You’d think this would all already be enough story for one film, but no! Astrid also meets a manic hunky broccoli boy (broccoli is the haircut, I apologize if you didn’t know this) played by Arthur Conti, who turns out to have a dark secret that gets Astrid entangled in the afterlife. If I was the producer choosing Beetledeuce storylines to pursue, I probably would’ve gone with this one. It might not have been the most purely original, but at least it drew on some actual human emotions and wasn’t just a collection of artistic influences stitched together with costumes and caffeine.
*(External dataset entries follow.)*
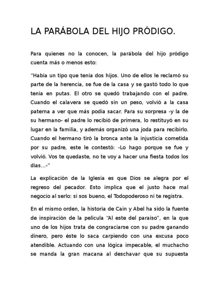 Resumen De La Parabola Del Hijo Prodigo Para Ninos De Primaria
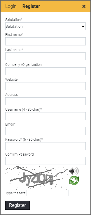 In the following popup activate the [Register] tab and enter the required information (Figure 3). You will be sent an email to confirm the registration.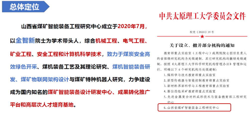 編者按:煤炭工業(yè)高質量發(fā)展是保障我國能源安全的一項重要舉措,而智能化煤礦建設是實現(xiàn)工業(yè)高質量發(fā)展的關鍵與核心所在。加快智慧礦山、智能化煤礦建設是煤炭工業(yè)邁向高質量發(fā)展的“新引擎”。自國家政策明確大力發(fā)展煤礦智能化以來,“智能化”主題成為各大煤業(yè)研究所和院校的主要研究方向。本期將簡單介紹太原理工大學山西省煤礦智能裝備工程研究中心,期望促進產學研交流,成果轉化等。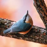 De la taille d’un Moineau, mais avec une silhouette en forme de poire, une queue très courte et un bec long et puissant. Le plumage du manteau est gris bleuté, la face inférieure fortement orangée. Un large sourcil noir prolonge le bec. La Sittelle est l’acrobate des arbres, qu’elle explore en tous sens et dont elle est la seule à pouvoir descendre les troncs la tête la première (et sans tomber !). Peut également visiter une muraille de la sorte, ses puissantes pattes étant sur ce terrain-là tout aussi efficaces. N’hésite pas à se poser au sol pour récupérer les graines tombées des frondaisons.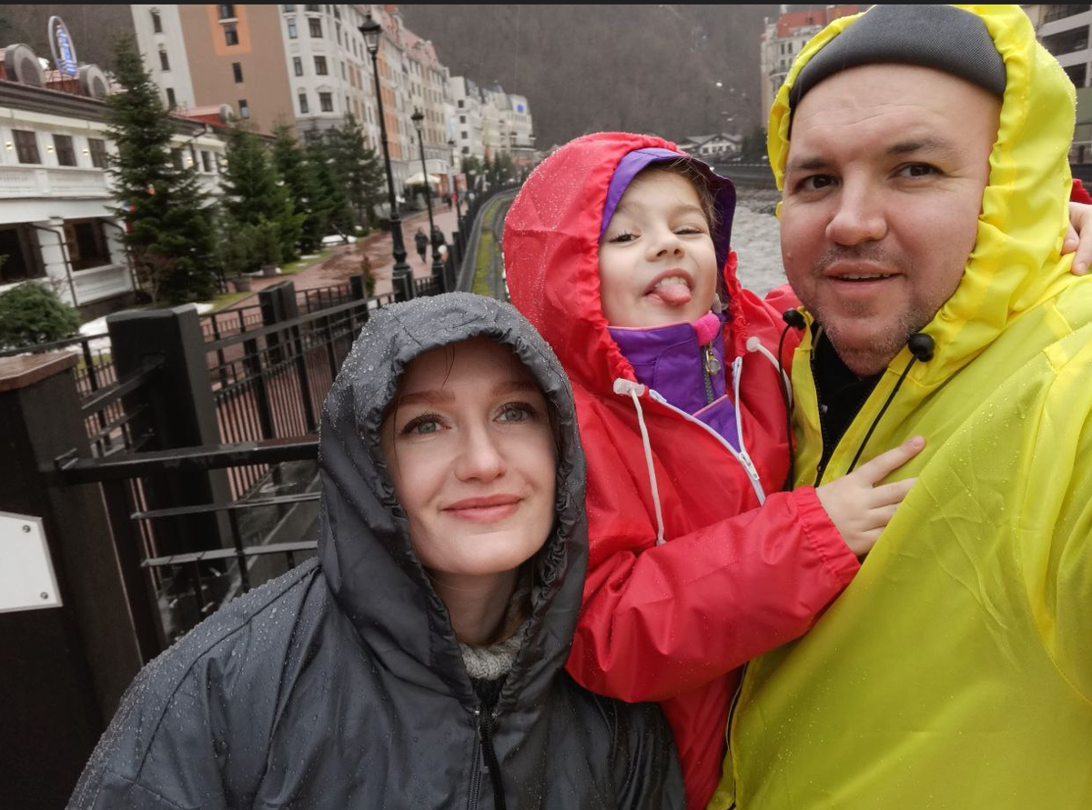 Дорога на Красную поляну заняла у нас около полутора часов. Все это время дождь не прекращался, но мы к этому оказались готовы. Что в принципе для нас удивительно. У нас были дождевики. Прям перед самым отъездом мы заказали себе нормальные дождевики и успели их получить. Они нас не подвели и местами даже сильно пригодились.

Have you noticed that I’ve typed all this already and have barely even mentioned the character Beetlejuice yet??? Well he’s got problems too! It turns out he has an ex-wife, played by Monica Bellucci, who is apparently… some kind of even more evil demon than he is (?)… who has recently stapled her bodyparts back together (raising the question, never addressed, of why she was apart in the first place and what changed that allowed her to reassemble)… and who is now back… and on a rampage that involves sucking out the souls of the dead who then become more dead. Willem Dafoe plays some kind of afterlife cop hot on her tail, which is kind of fun, despite us not knowing what she actually wants (beyond Beetlejuice) and what Willem Dafoe’s character has the power to do to her once he catches her.
Beetlejuice explains all this backstory, of how he met Belucci’s character during the Black Plague while working as a graverobber, via a black-and-white flashback narrated in Italian, delivered as a story to Beetlejuice’s office drones, who are all shrunken headed guys in suits. That part was kind of fun, even if knowing all the details of Beetlejuice’s origin story weakens his appeal in some ways and raises more questions than it answers.